Biomedical datasets of relevance for training in FAIRification¶
Main Objectives¶
This recipe aims to provide example clinical datasets to allow users to get familiar with the process of handling clinical datasets and develop related computational tools while minimizing the challenges of accessing real-world human data.
The FAIR cookbook aims to provide hands-on, practical advice on how to deliver FAIR data through interactions with Innovative Medicine Initiative(IMI) projects. These research projects, by nature, often involve patient-centric information. But dealing with real-world data and human-centric information, clinical data, in particular, is challenging. It most often mandates interacting with Data Access Committees (DACs), and undergoes a vetting process, which can be lengthy and convoluted. This can become a hindrance if the focus of the work is to deliver training on the computational methods available to deal with such data rather than data custody-related tasks, however important these are.
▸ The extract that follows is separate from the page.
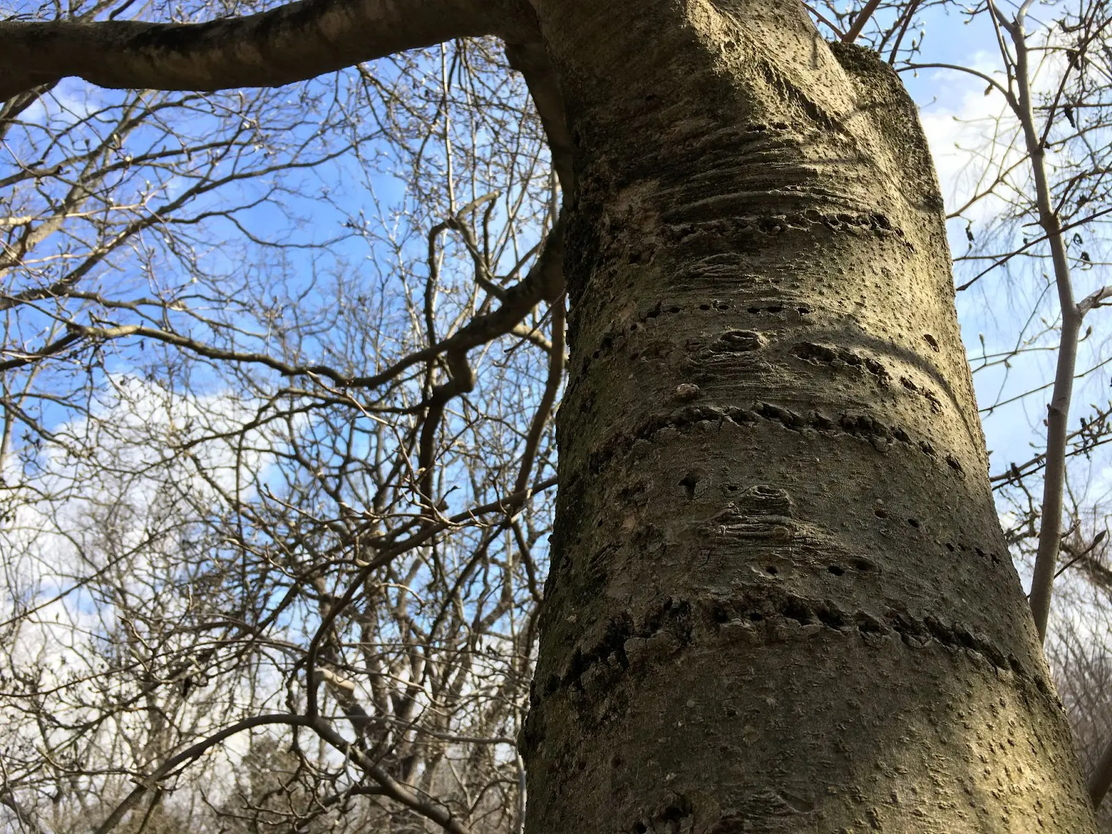 It isn’t always necessary to find an actual bird in order to verify its existence, whether current or former, in a forest. Woodpeckers leave their mark on trees in rather obvious ways. As you’re probably familiar, this group of birds hammers into the trunks and branches of trees to forage for insects and occasionally sap. It just so happens that at least two species do so in recognizable ways that stand out considerably during the winter.

This recipe aims to provide a list of relevant resources belonging to the realm of clinical data so readers can, with minimal hassle :
familiarize with clinical data types, such as Electronic Health Records(EHR).
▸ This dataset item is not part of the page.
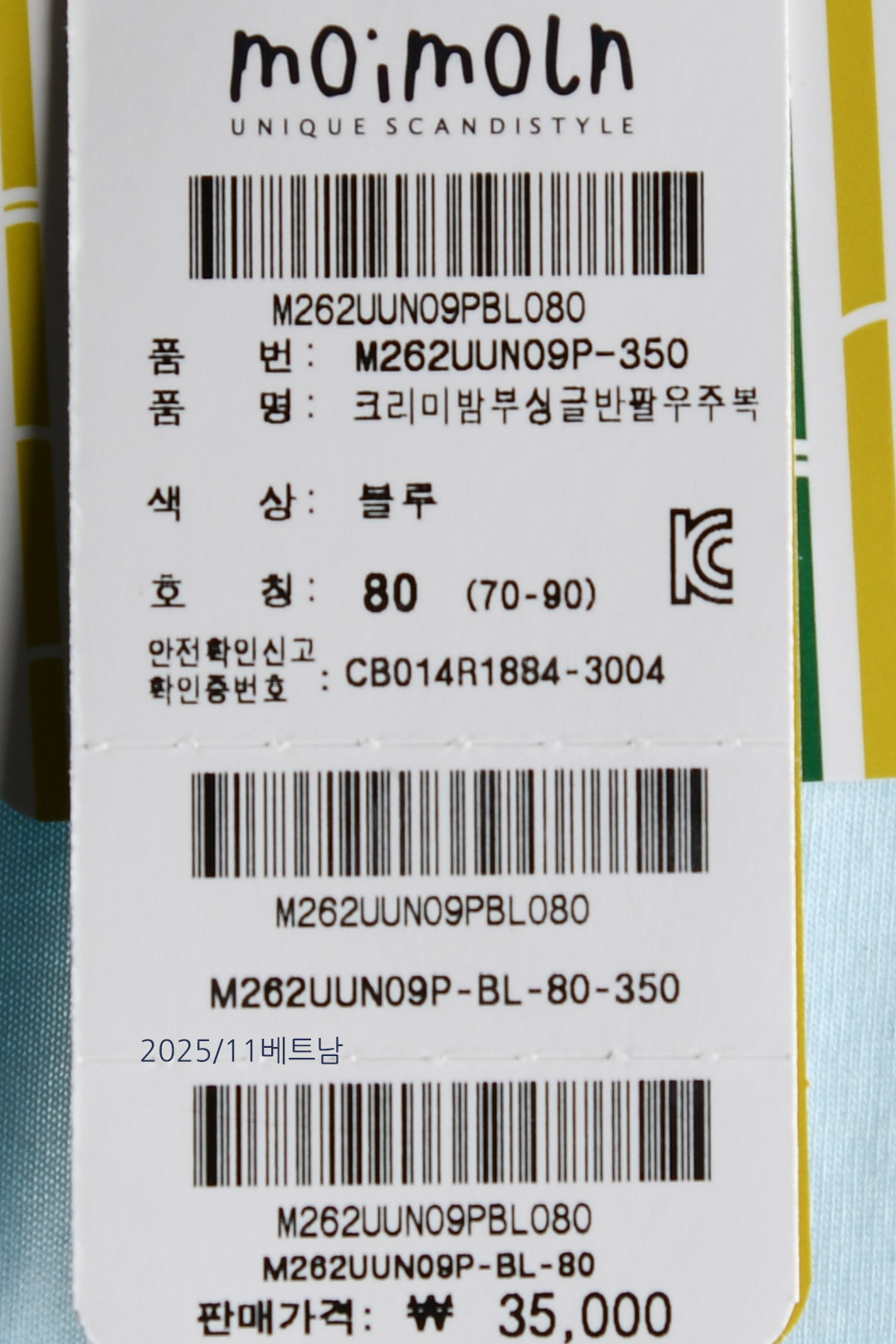 | 상품명 | [모이몰른] 크리미밤부싱글반팔우주복 [여름] |

familiarize with the procedures to gain access to sensitive data.
obtain datasets with which to work and hone computational skills.
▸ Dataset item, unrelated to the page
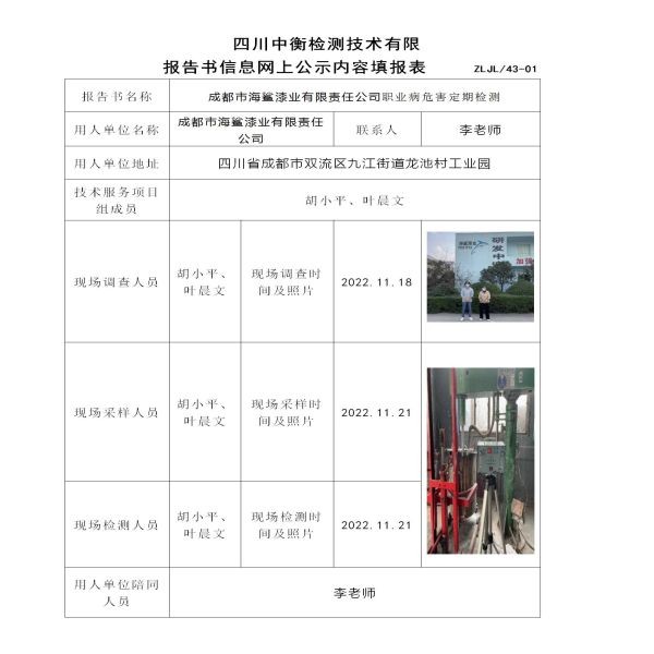 成都市海鯊漆業(yè)有限責(zé)任公司定期檢測

The recipe will cover two types of datasets:
real datasets
, such as the Medical Information Mart for Intensive Care III(MIMIC-III) dataset 2, which corresponds to actual medical notes data for which data access requests must be made but which are made available to computational scientists for research purposes.synthetic datasets
, which are available without restrictions since produced by computational methods and are independent of any real patient. While handy, this type of data may come with a number of limitations prospective users need to be aware of.
Electronic Health Records: The MIMIC-III Critical Care Database¶
Data Type: Electronic Medical Notes
Nature of the data: Real Patient Data
Description: MIMIC-III (Medical Information Mart for Intensive Care III) is a large, freely-available database comprising de-identified health-related data associated with over forty thousand patients who stayed in critical care units of the Beth Israel Deaconess Medical Center between 2001 and 2012. 2. The database includes information such as demographics, vital sign measurements made at the bedside (circa 1 data point per hour), laboratory test results, procedures, medications, caregiver notes, imaging reports, and mortality (both in and out of hospital).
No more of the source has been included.